Tuesday, September 11. 2007 at 12:04 (Link) (Reply)
The main issue is that some file data may still be waiting to be flushed from the page cache to the parent zvol (so some file contents may be randomly stale or zero in the snapshot).
In your example, if you do the following ...
# date >/mnt/testvol/testfile; zfs snapshot test/testvol@1
... the snapshot will probably contain the file, but will probably NOT contain the expected data (i.e. the date). This is because the metadata describing the file gets written immediately, but the file data has to wait for fsflush.
By default, fsflush aims to scan the entire page cache every 30 seconds. This means that unless you sync the file contents explicitly, you could be waiting for up to 30 seconds or more for new file data to make it to non-volatile storage.
On systems with a large amount of RAM, or lots of dirty pages, or both, fsflush may not manage to clean the entire page cache within the default 30 seconds. Indeed, on systems with lots of RAM fsflush is often configured (via the /etc/system parameters autoup and tune_t_fsflushr) to take much longer (typically 5 minutes) so that it doesn't use too much CPU.
If your file data hasn't made it to storage at the point the snapshot was taken, you just won't see it in the snapshot (or ever again in the original filesystem if the system loses power or crashes before the flush occurs).
However, if you do something like this ...

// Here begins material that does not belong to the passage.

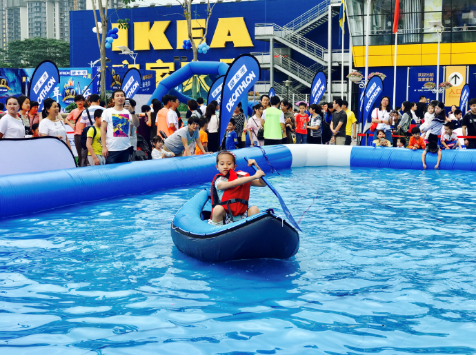記者在現(xiàn)場看到,迪卡儂在外廣場準(zhǔn)備了攀巖、籃球、高爾夫、皮劃艇、平衡車等諸多運動項目供市民體驗。不少市民更是帶著孩子們在各項目競賽,玩得不亦樂乎。據(jù)了解,該活動僅在五一期間開放。

# date >/mnt/testvol/testfile; lockfs -wf /mnt/testvol; zfs snapshot test/testvol@1; lockfs -u /mnt/testvol
... all should be well. The downside is that the snapshot operation now takes much longer, such that it may disrupt other users of the source filesystem.
Monday, March 10. 2008 at 04:36 (Reply)
I've just set up a raidz zpool and then created a volume as described for UFS.

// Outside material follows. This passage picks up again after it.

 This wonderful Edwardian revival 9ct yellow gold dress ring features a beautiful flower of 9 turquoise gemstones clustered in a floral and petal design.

This way I get the required UFS filesystem over 4 disks without the RAID5 write-hole problem i would have faced using Solaris Volume Manager.
Plus it was a snap to configure thanks to the zfs commands.
Thursday, October 16. 2008 at 19:52 (Reply)
Thursday, October 16. 2008 at 22:06 (Reply)
This was when I tried with Solaris 10 Update 4.
Wednesday, January 7. 2009 at 19:08 (Reply)
From lockfs(1M):
The options are mutually exclusive: wndheuf. If you do
specify more than one of these options on a lockfs command
line, the utility does not protest and invokes only the last
option specified. In particular, you cannot specify a flush
(-f) and a lock (for example, -w) on the same command line.
However, all locking operations implicitly perform a flush,
so the -f is superfluous when specifying a lock.
Wednesday, December 29. 2010 at 01:41 (Reply)
I have come across a case where I need to use UFS for an application that has been migrated from solaris 8 to solaris 10 using ZFS, but the application doesn't work on ZFS. There is a later version of this app that works on ZFS, but upgrading to that is part of a future project.